Yeah, I noticed that parts of the derailleur move differently when you shift. I guess that's the dyna system, which won't work apparently with an Ultegra shifter. 

So all 9 speed are pre-dyno, so they'll work?


----------



## Bostic (Nov 17, 2008)

robwh9 said:


> I do weekend touring with a seatpost rack and about 15 pounds of gear. I need the low gearing to get over the Santa Cruz mountains


Alba and Jamison Creek are very tough climbs. Are they part of your route?


----------



## tednugent (Apr 26, 2010)

robwh9 said:


> Yeah, I noticed that parts of the derailleur move differently when you shift. I guess that's the dyna system, which won't work apparently with an Ultegra shifter.
> 
> So all 9 speed are pre-dyno, so they'll work?


Yes. 9-speeds and below are not Dyna-Sys


----------



## robwh9 (Sep 2, 2004)

Bostic said:


> Alba and Jamison Creek are very tough climbs. Are they part of your route?


From Sunnyvale, I'll load my lightweight camping gear and a change of clothing on my bike and ride out to Half Moon Bay State Beach (via Old la Honda or Kings Mountain Rd), New Brighton State Beach (via Old Santa Cruz Rd), or Veterans Memorial Park in Monterey (via Old Santa Cruz Rd). Sometimes I'll start in Monterey and ride down to Pfeiffer Big Sur State Park. Each has a large site set aside for bicycle tourists for $5 a night. Camp there and ride back the next day. It's a great escape from city life.

Alba and Jamison Creek are STEEP. When I rode up Jamison Creek I could smell the brakes of a car coming down.

I sometimes ride out to Half Moon Bay for the Pumpkin Festival.


----------



## cxwrench (Nov 9, 2004)

i live way too close to have never ridden that stuff...one of these days i swear i'll do some riding around the santa cruz area. i'm only 1.5hrs away and do cx races down there every now and then. 

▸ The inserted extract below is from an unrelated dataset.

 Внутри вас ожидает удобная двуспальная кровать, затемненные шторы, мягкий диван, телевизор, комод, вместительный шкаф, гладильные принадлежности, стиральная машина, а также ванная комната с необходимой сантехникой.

make sure you didn't get the 10speed dyna sys derailleur as others have said and you should be fine.


----------



## Ventura Roubaix (Oct 10, 2009)

I run 10 spd 5600 105 shifters with a 9 spd Deore XT 771 RD on a Sram 11-32 cassette, shifts good, no problems after I got my RD hanger straighten.


----------



## cxwrench (Nov 9, 2004)

Bostic said:


> I reversed the B screw on a 6703 mid cage Ultegra rear dérailleur to get clearance for a 10 speed XT 11-32 cassette on our Cannondale road tandem. It came with an IRC11-32 cassette that shifted terrible. For whatever reason the 32 cog on the IRC cleared the pulley but the Shimano would not until I did the reversal.

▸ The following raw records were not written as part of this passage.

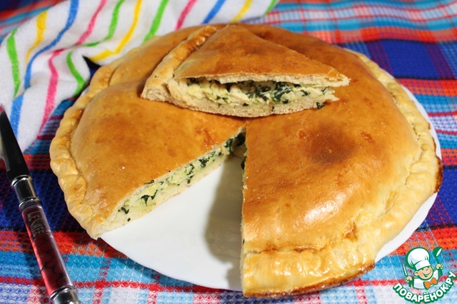 Спанакопита-Пирог со шпинатом по-гречески по рецепту Светланки Жен Жен. Не знаю я что представляет собой сыр Фета, но предположила, что должен быть солоноватый и оказалось, что не ошиблась (позже поинтересовалась), потому чуть-чуть начинку подсолила на наш вкус. Готовила со свежезамороженным шпинатом и на домашнем дрожжевом тесте, тонко его раскатав. Это такая вкуснотища получилась, что на следующий день меня попросили повторить, но уже было не из чего, шпинат истратила весь
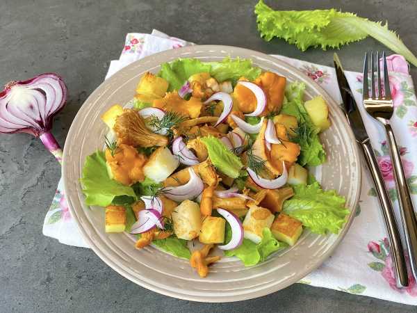 Заправляла салат я оливковым маслом с ароматом трюфеля. Вы же просто можете использовать классическое оливковое масло первого холодного отжима. Или приготовьте заправку из оливкового масла, лимонного сока и горчицы.
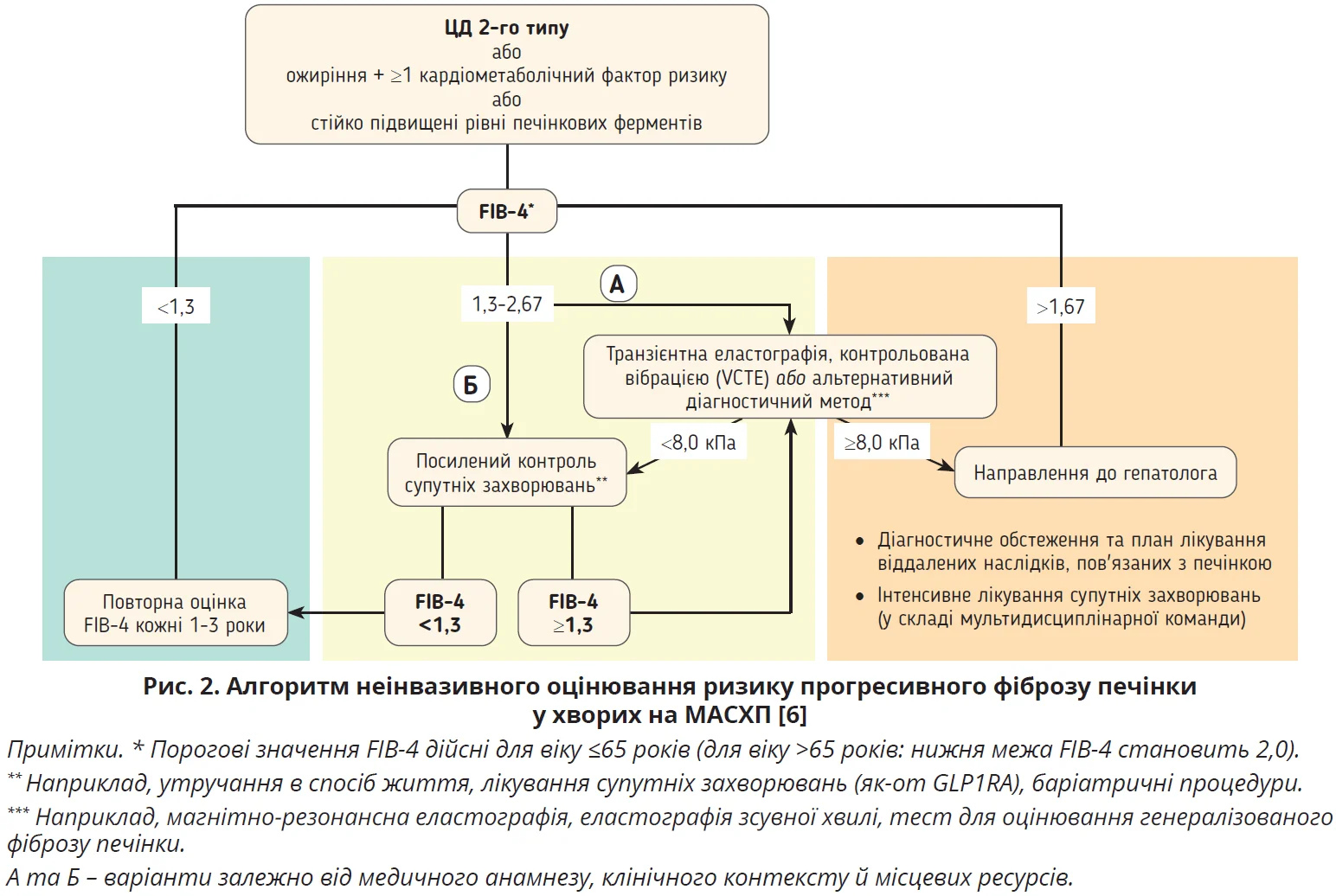 Окрім визначення факторів ризику, настанова EASL/EASD/EASO пропонує алгоритм неінвазивного оцінювання ризику прогресивного фіброзу печінки в пацієнтів з метаболічними факторами ризику або ознаками СХП (рис. 2), який заснований на розрахунку індексу фіброзу (FIB-4). Ризик розвитку ЦП вважають малоймовірним, якщо значення FIB-4 нижче 1,45; цей ризик стає високоймовірним за умови перевищення значення 3,25. У проміжних випадках, коли показники FIB-4 коливаються в межах 1,45-3,25, ризик наявності ЦП вважають сумнівним.
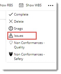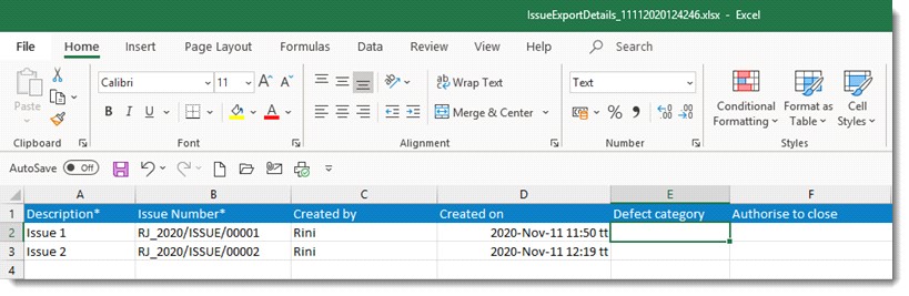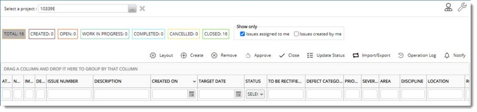 Issue List window is displayed. In case already Issues are created for the Project, details of the Issues are displayed in the window.
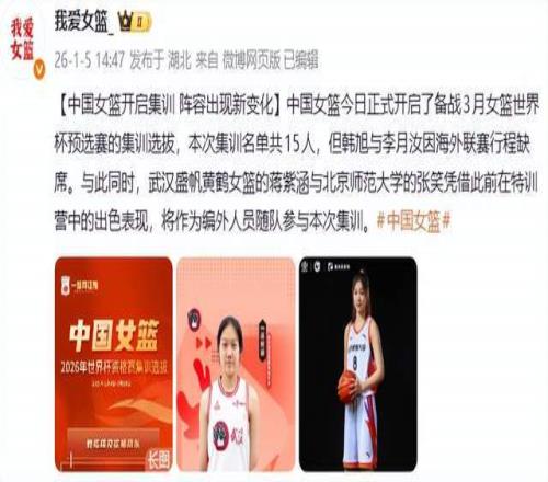 按照中國籃球之隊此前發(fā)布的消息, 中國女籃于1月5日正式開啟集訓了,本次集訓名單是15人,不過,韓旭和李月汝都在海外聯(lián)賽,將缺席這一次的集訓。

not a great idea, especially on a tandem. when you bury the b screw you're reducing the number of teeth the chain wraps. a mtb derailleur would allow you to keep the chain in contact w/ more teeth on the big cogs and reduce the chance of a slightly worn chain from skipping. 
and your cassette is IRD, not IRC.


----------



## ogre (Dec 16, 2005)

Ok, a bit of thread dredge, but most talk is around the rear. I want to make sure about the front, as I'm looking at a cross frame I want to put Ultegra 6700 on. The frame has top tube cable routing, so I need a top pull front derailleur. Will an XT or XTR (M780/M980) work? I found one thread saying no way, and one guy saying he's doing it.


----------